# TASK OBJECTIVE
An exact reproduction of the listing is wanted, with the pictures dropped.

# SOURCE DATA
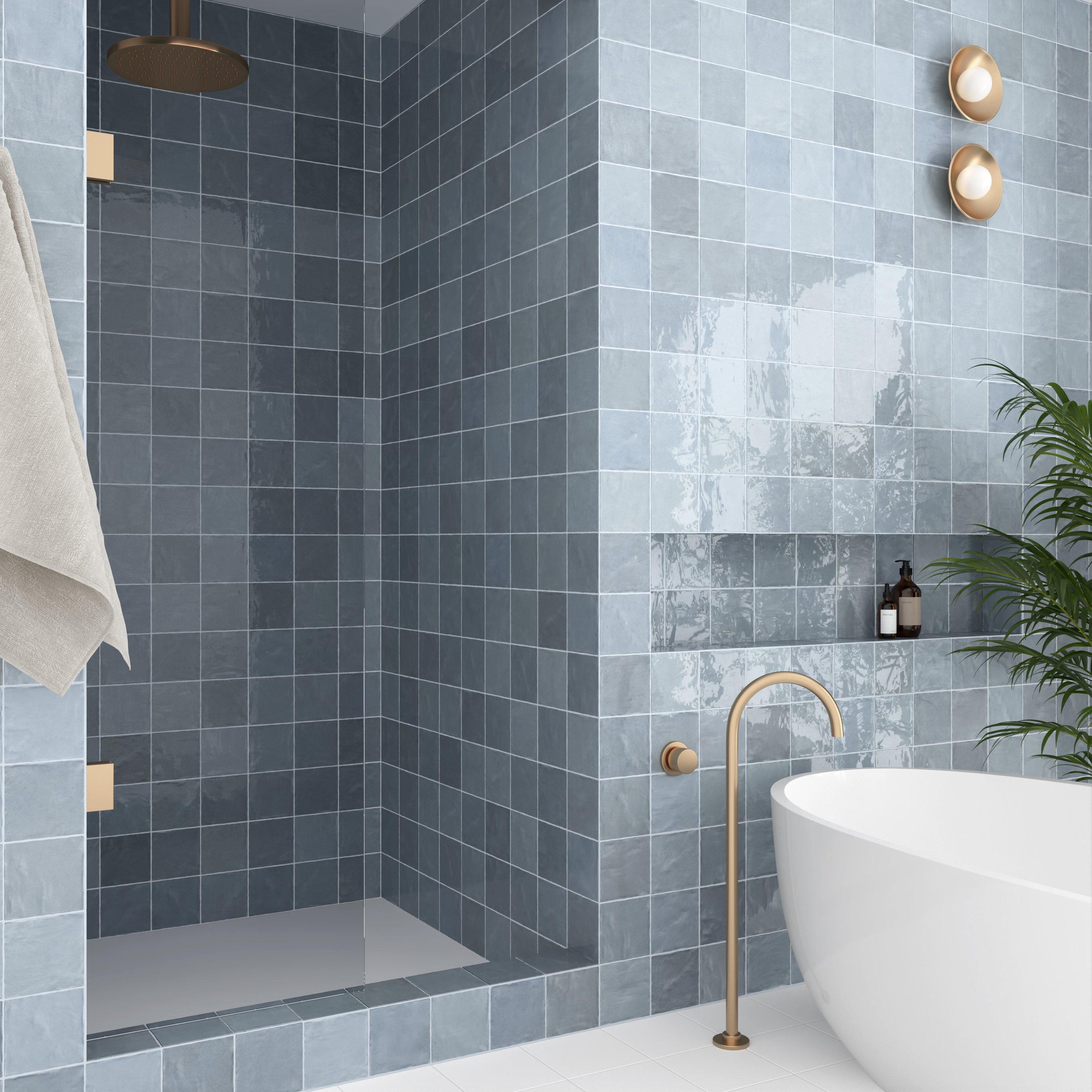 Personalize your space with the Zellige Glacier Ceramic Tile. This blue high gloss finish tile will make a great impact in small areas like the bathroom, den, or other overlooked spaces.
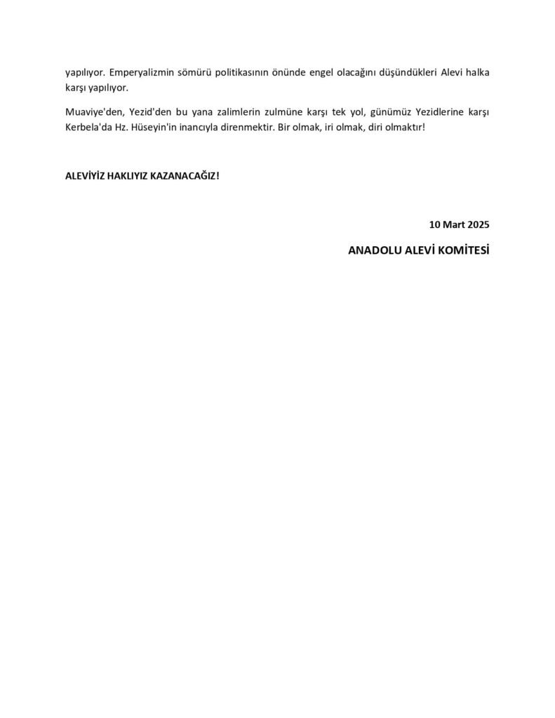 Anadolu Alevi Komitesi 10 Mart 2025 tarihinde Suriye’de Alevi halka yönelik katliamlara dair açıklama yayınladı… Açıklamayı paylaşıyoruz…
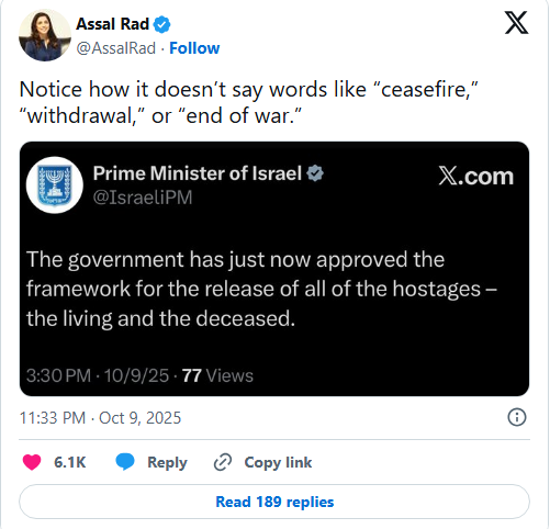 Like I said, Palestinians were not consulted on Trump’s “peace plan”. The plan entails total Palestinian surrender. Qatar and Egypt sent it to Hamas yesterday. Scahill detailed the conditions Hamas are in after the assassination attempt in Doha. Kept in isolation from each other, minimal use of any devices. How are they going to respond within 4 days is anybody’s guess1 of 3

# WORKED SOLUTION
 Personalize your space with the Zellige Glacier Ceramic Tile. This blue high gloss finish tile will make a great impact in small areas like the bathroom, den, or other overlooked spaces.
 Anadolu Alevi Komitesi 10 Mart 2025 tarihinde Suriye’de Alevi halka yönelik katliamlara dair açıklama yayınladı… Açıklamayı paylaşıyoruz…
 Like I said, Palestinians were not consulted on Trump’s “peace plan”. The plan entails total Palestinian surrender. Qatar and Egypt sent it to Hamas yesterday. Scahill detailed the conditions Hamas are in after the assassination attempt in Doha. Kept in isolation from each other, minimal use of any devices. How are they going to respond within 4 days is anybody’s guess1 of 3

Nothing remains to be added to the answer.